レンブラント・ファン・レイン「夜警」(1642年)リクスミュージアム所蔵
絵画において最も偉大かつ自然なものは、見る者の心に最大の感動を与えるものである。

「夜警」とは

縦363cm・横437cm——リクスミュージアムのギャラリーに足を踏み入れた瞬間、正面に圧倒的な存在感で迫ってくるこの絵は、レンブラント・ファン・レイン(1606〜1669年)が1642年に描いた「夜警」です。正式名称は「フランス・バニング・コック隊長とウィレム・ファン・ライテンブルフ副隊長の市民警備隊」——当時のアムステルダムを守った民兵隊の集合肖像画です。

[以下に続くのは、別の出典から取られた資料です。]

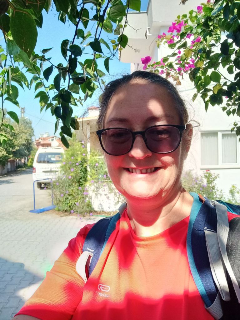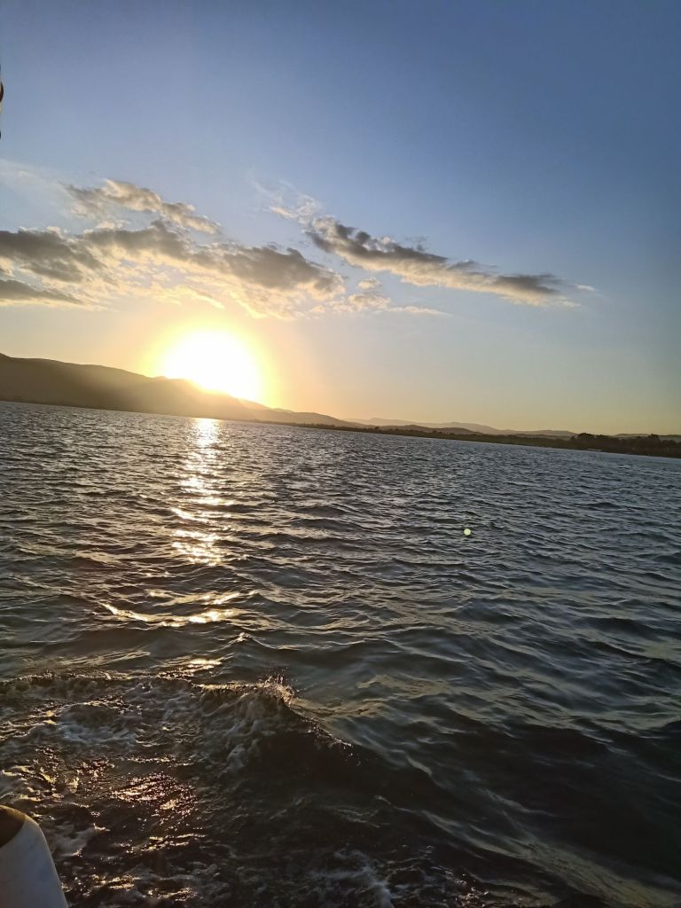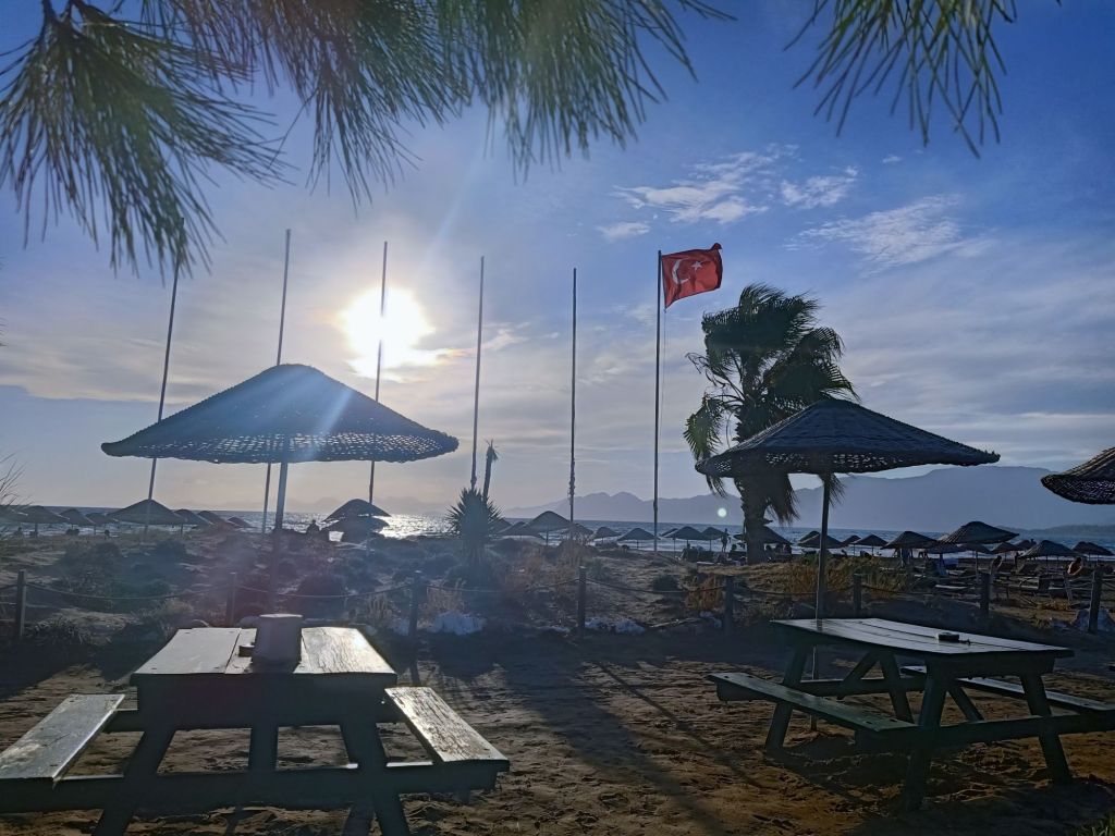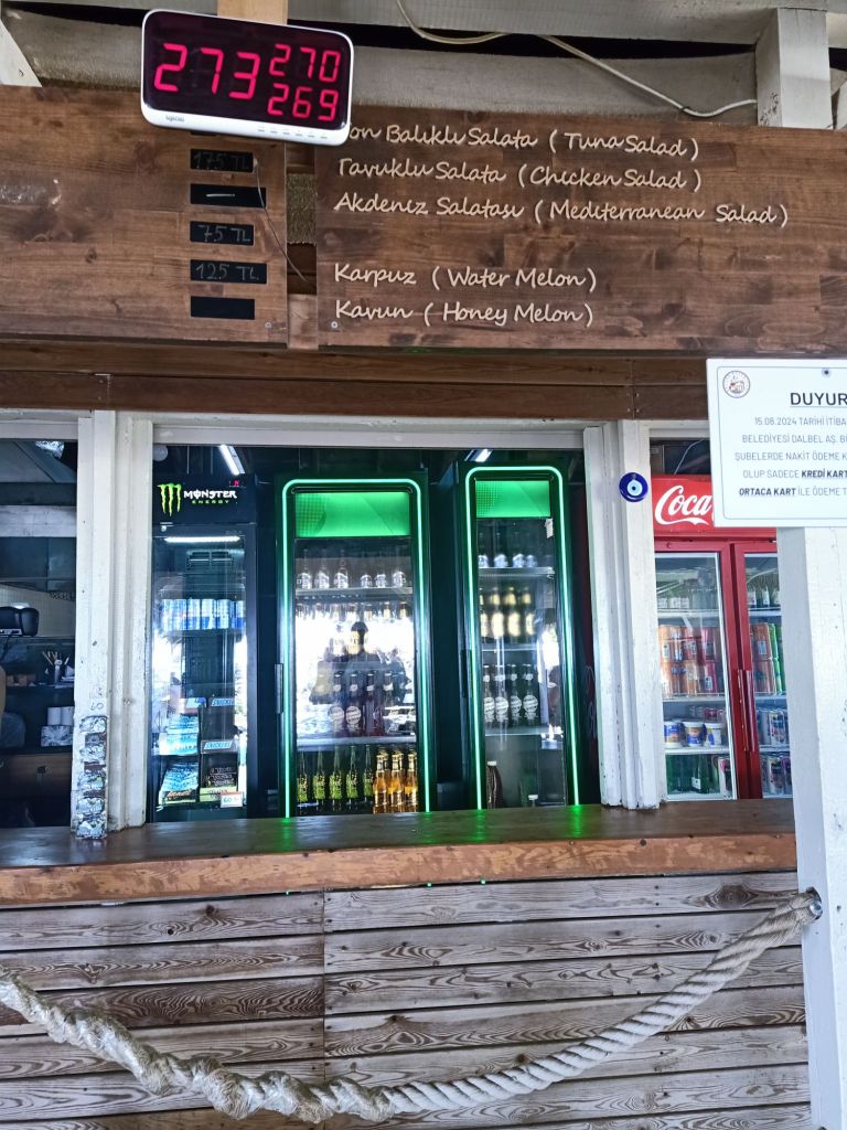 Meanwhile, Gayle & Neil were off on a weekend trip with Murat to Datça early this morning. My friends Kelly, Clare & Louisa were on their way to their respective airports and then to Rhodes. I finished work and then went to the bank so that I could put a load of cash in to the bank to pay on to my credit card. Captain Caveman had decided that it would be best for him not to use his Vietnamese card to pay the money for my hotel stay and that he would transfer it to my Wise account instead. I had transferred it and paid extra on to my credit card so that it was in credit, ready to pay the hotel. When I went back to check out, the receptionist said she could only accept cash, even though I had specifically booked this hotel to be able to pay on card. It was now a bit of an inconvenience as I had no cash and there was over 14,000 lira on my credit card which I had no intentions of spending on anything else! I had to ask a friend if I could transfer some money to her and her pay the hotel when she arrived tomorrow. After sorting out the payment and transferring money to my friend in the UK, the owner turned up and said it was ok to pay with my credit card, but it was too late. I got picked up by a friend, with my big rucksack and all my luggage/laptop for Rhodes and we drove to the beach. I was reluctant to leave all my stuff in the car but I also really wanted to get in the sea after a stressful morning. I paid the 100 lira (£2.24) parking fee on my card and then we went to the beach café for a late lunch. My friend ordered a tuna sandwich and a diet coke, while I had a chicken sandwich, a bottle of water and a Turkish tea for 375.00 lira (£8.41). The food was hot and tasty and not a bad price for what we had – I noticed a sign which said the café closed at 6.30pm. The sea was super choppy but the sun red hot as we got in for our swim and stayed in there for ages, mainly jumping the waves. I thoroughly enjoyed splashing about and trying not to lose any of my bathers as it was a top and bottoms combo. It was gone 7pm by the time we had got back to my friend’s place, cracked open the wine and got a bit of a picnic out on the balcony, in time to watch the sunset. It was an early night, the alarm was set for 4.30am the next day, as we were off to Rhodes, via Marmaris.

画面中央には黒い衣装のコック隊長と黄色の軍装のライテンブルフ副隊長が歩を進め、その周囲に槍や銃を持つ隊員たちが動的に配置されています。従来の集合肖像画が依頼主全員を均等に描くのが「礼儀」であった時代に、レンブラントは光の中に浮かび上がる人物と影に沈む人物を意図的に差別化しました。これが当時の依頼主たちに不満をもたらしたという伝説は今も語り継がれていますが、その真偽は歴史家の間で議論が続いています。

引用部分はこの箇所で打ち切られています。